Zunächst einmal stellte das OLG fest, dass die Vorstände, welche die Einberufung wünschten, das satzungsgemäße Quorum erreicht haben – ein Einzelfall, der vorliegend mangels Allgemeingültigkeit keiner weiteren Erörterung bedarf. Schon interessanter ist dagegen der Umstand, dass nach Auffassung des Gerichts weder das zuständige Vereinsorgan noch das Gericht die sachliche Zweckmäßigkeit der Mitgliederversammlung in Hinblick auf die angestrebten Tagesordnungspunkte zu prüfen habe. Insbesondere sei die Abwahl von Vorständen zulässig, auch wenn dies gemäß der Satzung dem Ehrenrat vorbehalten sei. Nach § 27 Abs. 2 S. 1 BGB ist die Bestellung des Vorstands jederzeit widerruflich, die Vorschrift ist nicht dispositiv. Da die Delegiertenversammlung für die Wahl zuständig ist, steht ihr auch das Abwahlrecht zu – selbst wenn ein weiteres Organ hierzu durch die Satzung ermächtigt wird.

Das Gericht hat ferner entschieden, dass ein möglicher Rechtsmissbrauch auch nicht in der Tatsache begründet ist, dass die Abhaltung einer Delegiertenversammlung aufgrund der behördlichen Einschränkungen im Rahmen der COVID-19-Pandemie möglicherweise nicht oder nur eingeschränkt gestattet ist.

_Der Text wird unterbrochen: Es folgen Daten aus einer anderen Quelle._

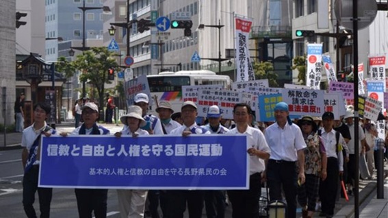 2024年7月21日、長野で宗教の自由を求めて行進する家庭連合のメンバー。

Das Gericht konstatiert, dass die behördlichen Vorgaben sich so schnell wandeln können, dass in absehbarer Zeit eine Delegiertenversammlung auch als Präsenzveranstaltung wieder möglich sein kann. Außerdem verweist das Gericht auf die Abweichungsmöglichkeiten von der Regelung des § 32 BGB gemäß § 5 Abs. 2 und Abs. 3 des Gesetzes über Maßnahmen im Gesellschafts-, Genossenschafts-, Vereins-, Stiftungs- und Wohnungseigentumsrecht zur Bekämpfung der Auswirkungen der COVID-19-Pandemie (COVMG), wonach die Möglichkeiten einer virtuellen (oder schriftlichen) Delegiertenversammlung besteht.

Fazit zur Durchführung von Mitgliederversammlungen in der Corona-Pandemie

Durch das Urteil sah es einen Moment lang so aus, als habe die Abhaltung einer Mitgliederversammlung höchste Priorität – egal ob sie sinnvoll, notwendig oder praktisch durchführbar wäre. Der uneingeschränkte Verweis des OLG München auf die virtuelle Versammlung und die schriftliche Beschlussfassung nach § 5 Abs. 2 und Abs. 3 COVMG legte damit auch den Schluss nahe, dass auch die satzungsmäßige jährliche Versammlung nicht ohne weiteres verzichtbar wäre. Die neuerliche Anpassung des COVMG ist damit genau rechtzeitig gekommen, Rechtsklarheit zu schaffen:

Mitgliederversammlungen müssen nicht um jeden Preis abgehalten werden – sie müssen gesundheitlich vertretbar und technisch durchführbar sein. Gleichwohl bleibt vom Beschluss des OLG München: Ist „Gefahr im Verzug“ und sieht dies zumindest das qualifizierte Quorum so, kann auch dieses Recht trotz COVID (im Rahmen der gesetzlichen Möglichkeiten) durchgesetzt und nicht leicht mit dem Verweis auf ein Risiko abgewehrt werden – diesen Schluss wird man trotz der jüngsten Gesetzesänderung aus dem Beschluss auch weiter ziehen müssen.